Миссис Скиннер оказалась очень маленькой старушкой, с грязными седыми волосами, зачесанными назад и туго притянутыми к затылку от маленького, сморщенного личика, которое благодаря отсутствию зубов и крошечному подбородку превратилось почти в один только нос. На ней надето было серое — или, по крайней мере, когда-то бывшее серым — платье, заплатанное на локтях красной фланелью. Впустив Бенсингтона, она принялась его «занимать», пока мистер Скиннер приводил в порядок свой туалет. По ее словам, они с мужем долгое время занимались искусственным разведением кур, имели собственную ферму, прекрасно изучили все, касающееся инкубаторов, и разорились только из-за отсутствия учеников.
— Ученики, знаете ли, составляют главный доход в этом деле, — прибавила старушка.
В эту минуту появился мистер Скиннер, худой, широколицый, плохо выбритый старик, в рваных домашних туфлях и куртке, которая так же, как и его рубашка, была совершенно лишена пуговиц, так что он вынужден был поддерживать ворот рукою. Вдобавок ко всем своим преимуществам мистер Скиннер был косоглаз и косноязычен. Один глаз его смотрел в потолок, а другой подозрительно осматривал фигуру мистера Бенсингтона. Одна рука была занята придерживанием воротника, а указательный палец другой что-то чертил на клеенке, покрывающей стол. Общее выражение — тупое и угнетенное.

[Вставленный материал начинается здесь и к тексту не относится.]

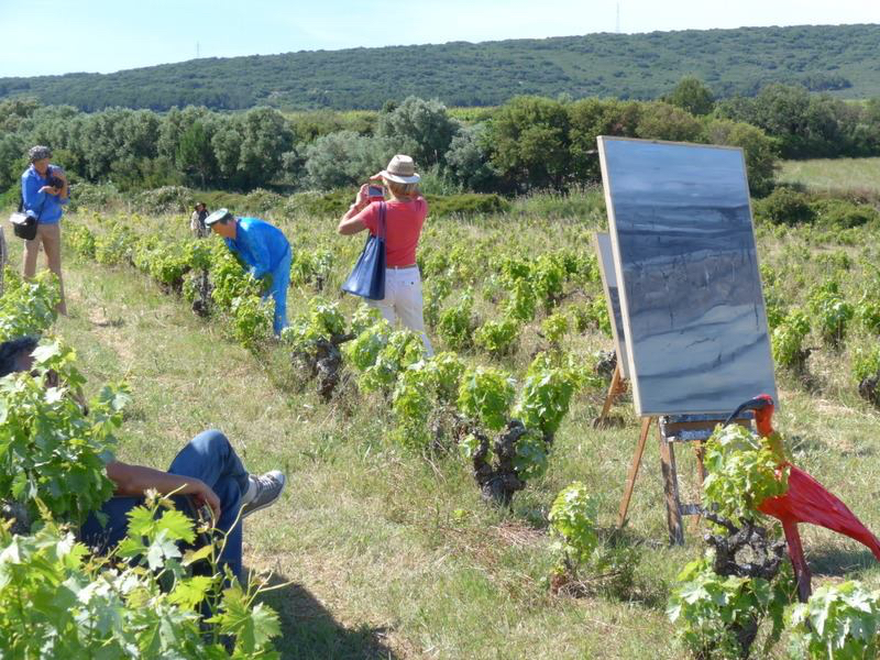 Le parcours artistique a animé les vignes, y insufflant poésie et élan créatif, surprenant les visiteurs dès leur arrivée, interpellant leur curiosité, leur amour de la nature ou d’arts minutieux. Dans la continuité des grandes installations de Magali Sablier, Joël Bast et Evy Grandrie, une seconde partie, plus intimiste, a rassemblé sculptures en grès chamotté de Brigitte Boursereau, dessins de Florence H, collages de Florence Rieu autour de bouteilles et autres contenants du vin, ainsi qu’une création d’Isabelle Piron sur la cuvée L’Originel des Clos de Miège. Le « vernissage » à ciel ouvert a pris soin de bathintroniser le Claude de Miège, personnage qui « taille la vigne, travaille dur » et vient m’épauler, selon son créateur, Joël Bast. Le dialogue ainsi établi entre arts et vins, les dégustations de breuvages biologiques régionaux se sont succédées, suscitant affluence et intérêt pour des pratiques saines. Questions et éclairages sur les conduites à la vigne et en cave ont balayé le spectre des différents choix des vignerons, et de caves coopératives, de la certification en vins biologiques jusqu’aux méthodes alternatives en biodynamie, très poussées dans leur exigence avec les méthodes sans soufre ajouté, vegan ou Bee friendly (amical avec les abeilles). L’accord avec les mets bio du food truck, présent malgré un accident peu avant son arrivée, a sublimé vins blancs, rosés et rouges proposés, illustrant par l’exemple toutes les saveurs et les arômes révélés par des conduites en mode biologique. La cuvée Prima Ora des Clos de Miège récemment médaillée s’est mariée dans de belles harmonies avec des desserts qui ont rallié tous les suffrages. Une note d’émotion pour moi que de voir mes vins dégustés tout à côté des grappes à peine formées, promesse d’une nouvelle récolte du précieux nectar.

— Жначит, вы, шер, не желаете получать доходов ш фермы? Так, шер. Нам это вшо равно. Опыты, шер? Прекрашно!
Чета готова была хоть сейчас же отправиться к месту своего служения, так как в городе ей было нечего делать. Старик портняжничал, но это занятие не приносило хорошего дохода.

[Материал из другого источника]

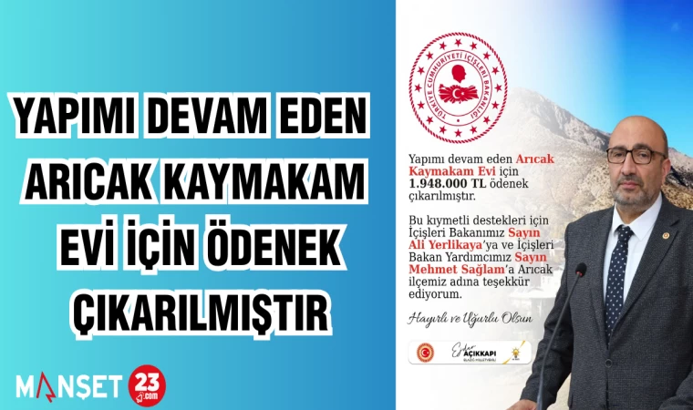 AK Parti Elazığ Milletvekili Ejder Açıkkapı, Arıcak'taki "Kaymakam Evi" projesi için verilen 2 milyon TL tutarındaki ek ödenek kapsamında süreçte emeği geçen İçişleri Bakanı Ali Yerlikaya ve İçişleri Bakan Yardımcısı Mehmet Sağlam’a teşekkür etti.

— Мешто неудобное, шер, далеко от центра, жаказчиков хороших нет, так что, ешли вам угодно…
Одним словом, через неделю мистер и миссис Скиннер были уже на ферме, вместе с плотником из Хиклиброу, которому поручено было привести в порядок дом и построить курятники. Понятное дело, что за время пребывания плотника на ферме чета Скиннер успела обсудить с ним характер и поведение мистера Бенсингтона со всех сторон.
— Я его еще плохо жнаю, — говорил мистер Скиннер,
— но по вшему видно, что это прошто дурак, ешли не сумашедший.
— Да, кажется, он немножко тронулся, — подтвердил плотник.
— Воображает о шебе много! Думает, что, кроме него, и жа курами никто не ухаживал! Эка невидаль, подумаешь!
— Напялил очки, да и думает, что видит лучше других, — ответил плотник.
Подвинувшись ближе к слушателю и смотря одним глазом в небо, а другим на свой нос, мистер Скиннер добавил с глуповатой улыбкой:
— Велел каждый день вжвешивать цыплят. Каждый день! Это чтоб жнать, как они раштут… А? Каково? Каждый день!
И, прикрыв рот рукою, мистер Скиннер засмеялся, а затем, вероятно для того, чтобы запечатлеть в памяти плотника свои слова, еще раз прибавил:
— Каждый день вжвешивать!
— От этого с ума сойдешь, прямо с ума сойдешь! — закончил плотник.
Экспериментальные работы тянутся вообще ужасно долго, так же как и доклады о них в ученых обществах, поэтому прошло много времени, прежде чем мистер Бенсингтон увидел первые признаки осуществления своей мечты.
— Ну, ражумеется, шер, ешли вы шерьежно…
В конце концов, однако, Бенсингтон дождался успеха, о чем его известило длинное письмо от Скиннера.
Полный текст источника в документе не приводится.